§ **Dataset excerpt**:
────────────────────────────────────────

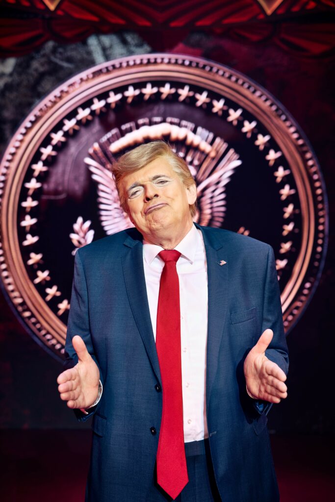 I anden akt er Trump kommet på besøg. Selvfølgelig skal han med i revyen og Niels både ligner og gebærder sig som ham, men lige her er Carl-Erik Sørensens tekst ikke i plet. Magnus har en monolog, hvor han er en mislykket aktivist. Han er usædvanlig god. I det hele taget er Magnus Haugård en gevinst for revyen.
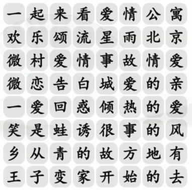 汉字找茬王 游戏是抖音上热火的文字闯关游戏,其中关卡甜甜恋爱剧消除爱情电视剧怎么过?这一关是连连看消除爱情电视剧名。下面是给大家带来的抖音小游戏《汉字找茬王》甜甜恋爱剧消除爱情电视剧通关攻略,不清楚如何过关的小伙伴们一起来看看吧。 甜甜恋爱剧消除爱情电视剧 1、这一关是连连看消除爱情电视剧名,我们看到许多熟悉的剧名 2、注意这一关是消消乐玩法,字会往下掉,所以我们需要按照顺序消除 3、答案如下所示: 爱情公寓,一-起来看流星雨 欢乐颂,北京爱情故事 亲爱的热爱的,去有风的地方 王子变青蛙,回家的诱惑 恋爱是从告白开始的 微微一笑很倾城 乡村爱情故事 以上就是汉字找茬王甜甜恋爱剧消除爱情电视剧通关攻略答案分享,希望对大家有帮助。 |
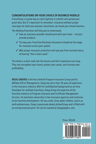 Congratulations on your choice of business models! Franchising is a great way to catch lighting in a bottle and spread your great idea. But it's important to remember: Insurance without proper coverages for both you and your franchisees can break your dream business. The Abiding Franchisor will help you to understand: ¿ How an insurance provider should work with your team-not just provide products ¿ The way your Franchise Disclosure Document should set the stage for insurance across your system ¿ Why proper insurance protection will save you from constant worry of hearing "You've been sued." This book is a short read, but the lessons and their importance are long. They can strengthen your brand, protect your assets, and increase your profitability.

────────────────────────────────────────

§ **What is required**: Every line above goes into your copy exactly; no images go in.

§ **Your response**:
 I anden akt er Trump kommet på besøg. Selvfølgelig skal han med i revyen og Niels både ligner og gebærder sig som ham, men lige her er Carl-Erik Sørensens tekst ikke i plet. Magnus har en monolog, hvor han er en mislykket aktivist. Han er usædvanlig god. I det hele taget er Magnus Haugård en gevinst for revyen.
 汉字找茬王 游戏是抖音上热火的文字闯关游戏,其中关卡甜甜恋爱剧消除爱情电视剧怎么过?这一关是连连看消除爱情电视剧名。下面是给大家带来的抖音小游戏《汉字找茬王》甜甜恋爱剧消除爱情电视剧通关攻略,不清楚如何过关的小伙伴们一起来看看吧。 甜甜恋爱剧消除爱情电视剧 1、这一关是连连看消除爱情电视剧名,我们看到许多熟悉的剧名 2、注意这一关是消消乐玩法,字会往下掉,所以我们需要按照顺序消除 3、答案如下所示: 爱情公寓,一-起来看流星雨 欢乐颂,北京爱情故事 亲爱的热爱的,去有风的地方 王子变青蛙,回家的诱惑 恋爱是从告白开始的 微微一笑很倾城 乡村爱情故事 以上就是汉字找茬王甜甜恋爱剧消除爱情电视剧通关攻略答案分享,希望对大家有帮助。 |
 Congratulations on your choice of business models! Franchising is a great way to catch lighting in a bottle and spread your great idea. But it's important to remember: Insurance without proper coverages for both you and your franchisees can break your dream business. The Abiding Franchisor will help you to understand: ¿ How an insurance provider should work with your team-not just provide products ¿ The way your Franchise Disclosure Document should set the stage for insurance across your system ¿ Why proper insurance protection will save you from constant worry of hearing "You've been sued." This book is a short read, but the lessons and their importance are long. They can strengthen your brand, protect your assets, and increase your profitability.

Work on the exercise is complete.